Diario de marfil: Reconstrucción intrapersonal de San Juan
Continuamente me exhorto a decirme dónde vivo. Con suerte digo aquí, donde siempre he estado; pero desconozco (casi totalmente) el sitio donde nací. Pervive, eso sí, el nombre. El intento humano supremo de sujetar a través de la palabra. En este caso son dos: San Juan. Sin embargo, en esos momentos en los que titubea el sustantivo, se quiebra y muestra el interior de la vacija, es cuando vislumbro una verdad intransferible. San Juan, como todo sitio donde la vida humana zumba y se teje sin cesar, es inasible. Y es ese vocablo el que fundamenta la sensación profundamente personal que me da mi pueblo: el tejido.

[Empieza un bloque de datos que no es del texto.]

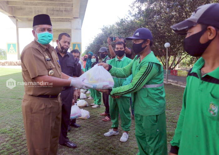 Bantuan sembako sederhana tersebut, diserahkan secara simbolis oleh Bupati Siak Alfedri kepada THL Kebersihan di Siak, yang dilaksanakan di taman Tengku Agung, Kecamatan Siak, Selasa (12/5/2020).
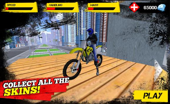 Put on your helmet and step on your bike. Kick the starter and drive until you see the highest ramp and jump as far as you can! Will you land on the next rooftop? No one knows but you! Are you the daredevil we are looking for in
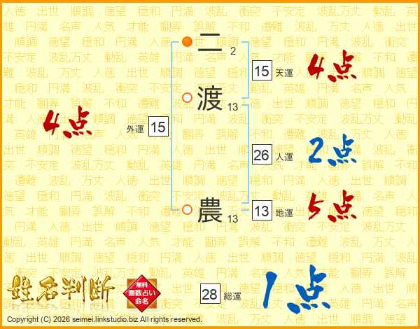 生活面を象徴する運勢です。外部から受ける影響力を表し、結婚運、家庭運や職場、環境への順応性を表します。総運から人運を引いた画数。姓や名が1文字の場合を除く。
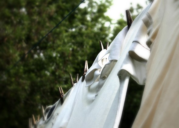 This morning, as I was hanging my laundry on the line in descending order of weight and size, I took my time to drape the last few articles—with stains—facing the sun. Nothing can disintegrate mustard spots and fade the vilest blotches of blood like a June morning’s piercing rays. Last week I hung a white tunic up with a mango mark that hadn’t come out in the wash, and hours later I reeled it back in without spot or wrinkle. Okay, it still had a few wrinkles­—we’re at the mercy of the wind for that—but the yellow fleck had forever fled from the sun’s penetrating gaze.
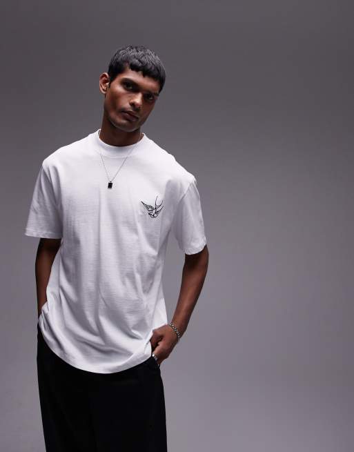 Topman – Biały T-shirt premium oversize z haftowanym wzorem jaskółek z przodu i na plecach
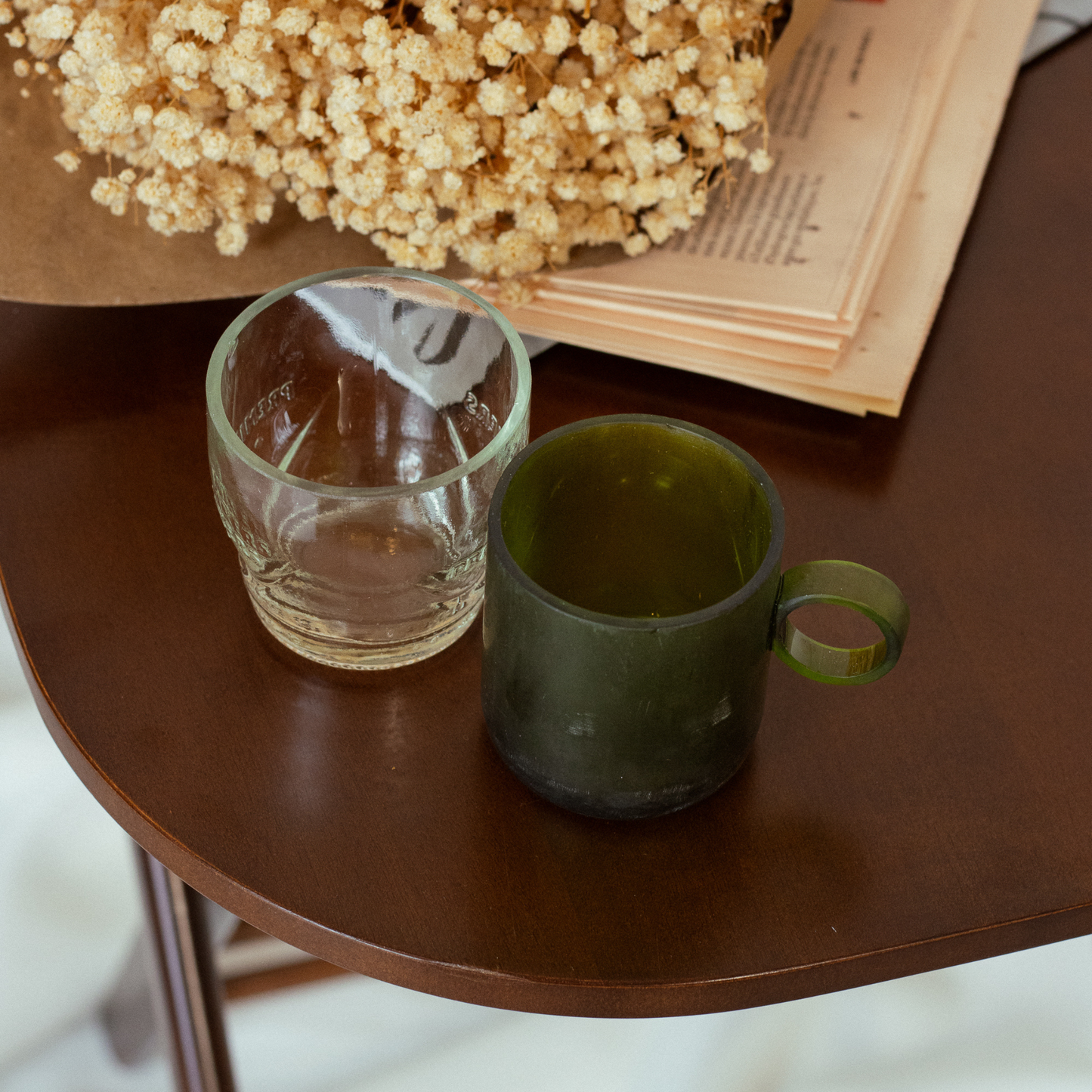 Our upcycled cup collection is all about unique shapes and distinct styles—from bold, modern silhouettes to charming, vintage-inspired designs. Each cup is crafted from repurposed glass bottles, giving you a stylish and sustainable way to enjoy your favorite drinks, whether it’s coffee, tea, or a creative cocktail.
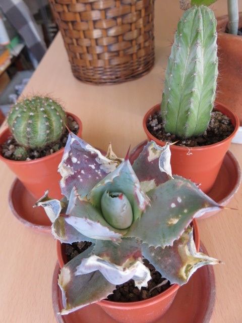 静岡で購入した謎の多肉は雪に当たっても元気ですが、アガベはちょっと負傷・・・
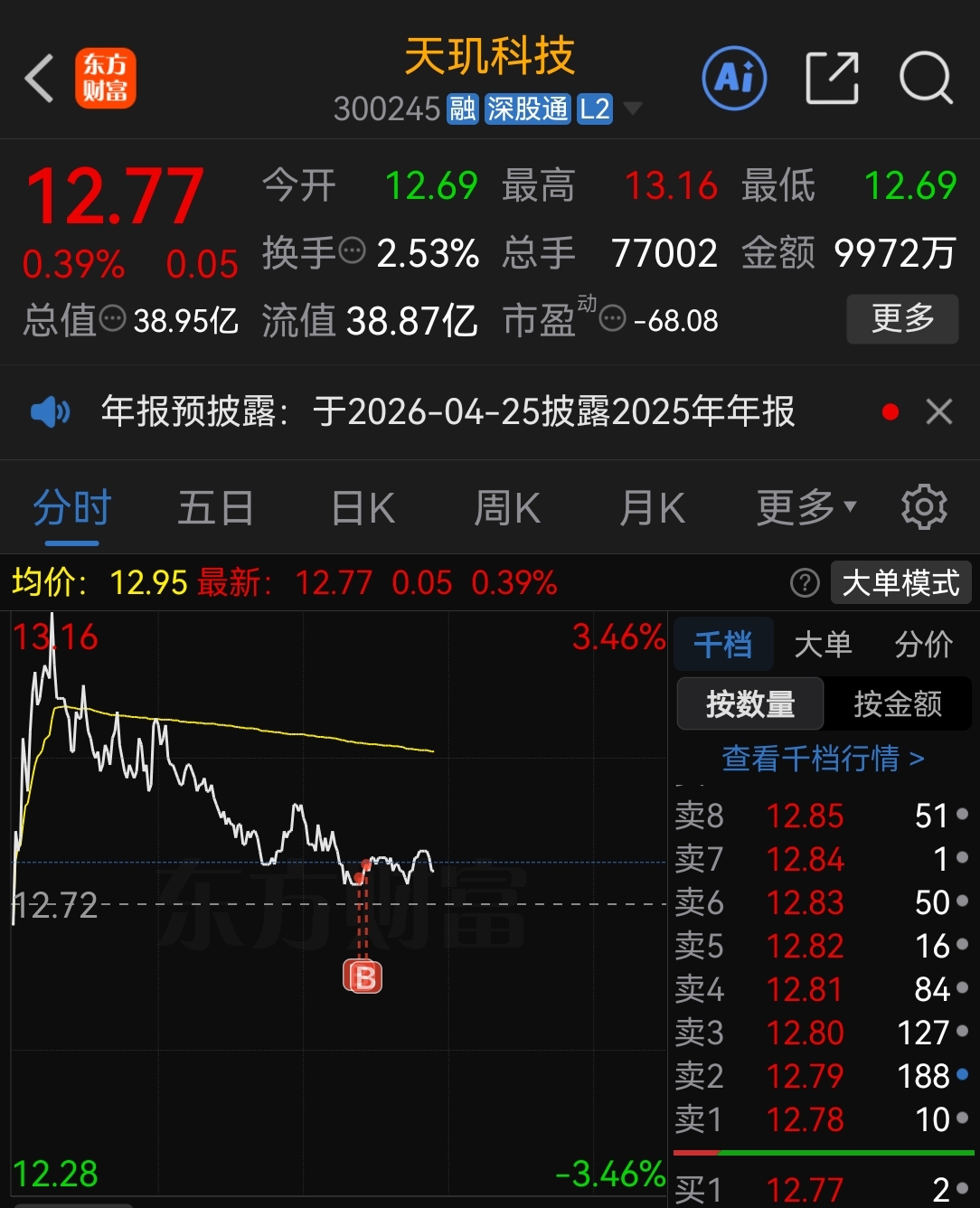 $天玑科技(SZ300245)$ 这两天下托上压,起涨前兆,买了!
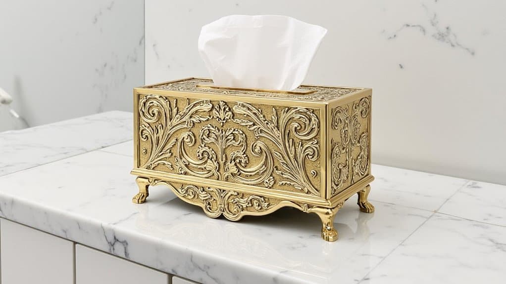 An ornate tissue box cover can instantly refine the look of your powder room with subtle elegance. You’ll love how this small detail transforms a mundane item into a chic accent. Choose one around 5” x 5” x 5.5” to fit standard tissue boxes.
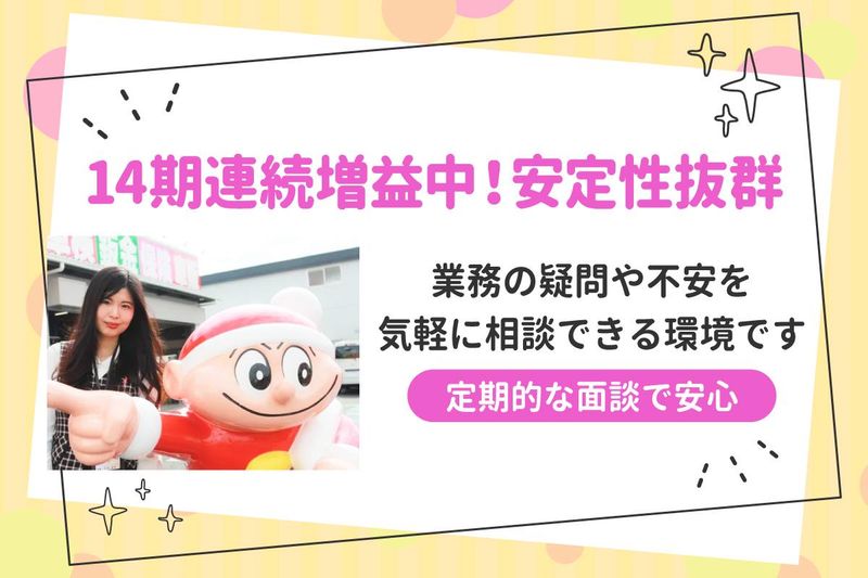 仕事内容 ~・~・~・~・~・~・~・~・~・~ 未経験から保険の専門知識が身につく! 月給24万円〜スタート! 残業ナシ 有給取得率は90%以上! ~・~・~・~・~・~・~・~・~・~ ⭐資格やキャリアを活かして さらなる成長と安定を目指せる仕事! 長期レンタカー専門店 「コバックカリブー小牧元町店」にて、 保険対応業務を中心とした 事務作業からスタートするお仕事です。 経験・スキルに応じて 段階的に業務をお任せします。 保険会社とのやり取りもあり、 資格も活かせます。 キャリア構築やスキルアップも しやすい環境です! 《 具体的な業務内容 》 ◆保険契約に関する問い合わせ対応 (取引先・契約者) ◆社内システムへのデータ入力 ◆契約情報の確認・管理 ◆各種書類の作成・発送業務 ◆郵便物や庶務業務の対応 ◆契約者への保険案内 残業ゼロ!プライベートも充実できます ✨月8日以上休み・土日休みもOK ✨有給休暇の取得率は90%以上の高水準 ✨産休・育休、バースデー休暇あり ◎家庭と両立するスタッフも活躍中! ~・~・~・~・~・~・~・~・~・~ 資格取得・キャリア構築を応援! ~・~・~・~・~・~・~・~・~・~ 昇給・賞与に直結する保険関連の資格取得を 会社が全額支援します。 実務と並行しながら市場価値の 高い専門スキルを習得可能です! また、定期面談があり、 業務上の不安やキャリアについて 人事部に直接相談できます。 安心して長く働ける環境が 整っています! ~・~・~・~・~・~・~・~・~・~ 頑張る人ほど評価します! ~・~・~・~・~・~・~・~・~・~ ⭐昇給・賞与ともに年2回ずつ支給! ⭐年齢や在籍年数に関わらず、 意欲と成果を正当に評価します! ~・~・~・~・~・~・~・~・~・~ 運営会社は順調に成長中! ~・~・~・~・~・~・~・~・~・~ ⭐愛知・岐阜エリアにて急速に成長中 ⭐25年9月に売上高152億達成 ⭐14期連続成長中! ⭐長く安定して働けます! ⭐20代~40代までの若手活躍中! ◎将来を見据えた転職先にもピッタリ ◎最短2週間のスピード選考!

En mi interior (ya la he visto) hay una Penélope que hace y deshace la tela donde se escribe mi posible definición de San Juan. A mediodía, en alguna de sus calles, veo dos niños correteando como satélites alrededor de su madre. Ella los deja ser, que se extiendan, giren (cuidándose de los carros) y, al llegar a una esquina –calle Páez, quizá calle Ribas, soy malo para los nombres– ella los vuelve a atraer hasta sí sin mediar palabra; abre los brazos y de inmediato los niños atienden el tácito llamado. Entonces creo tener una idea clara: eso es San Juan. Pero el día no ha terminado, y la Penélope, con su juego invertido, me hace retroceder. Después entre cinco y seis de la tarde suceden otras cosas: una lluvia repentina, un color anaranjado inusitado, la sensación de que el cielo se lava y se desagua en Los Morros. ¿Será que esto es San Juan, esta doble cara, este azul-anaranjado de seis a.m. a seis p.m.? Pero ya sé las artimañas. Al montarme en el autobús San Juan se desdibuja poco a poco en el horizonte, al anochecer las calles de mis antepasados corren hacia el río del tiempo hacia adelante hacia mí constantemente porque al final el pueblo de mi padre es el pueblo que veo todos los días aquí y acullá tejerse y destejerse, aquél que miento San Juan sin saber de qué hablo.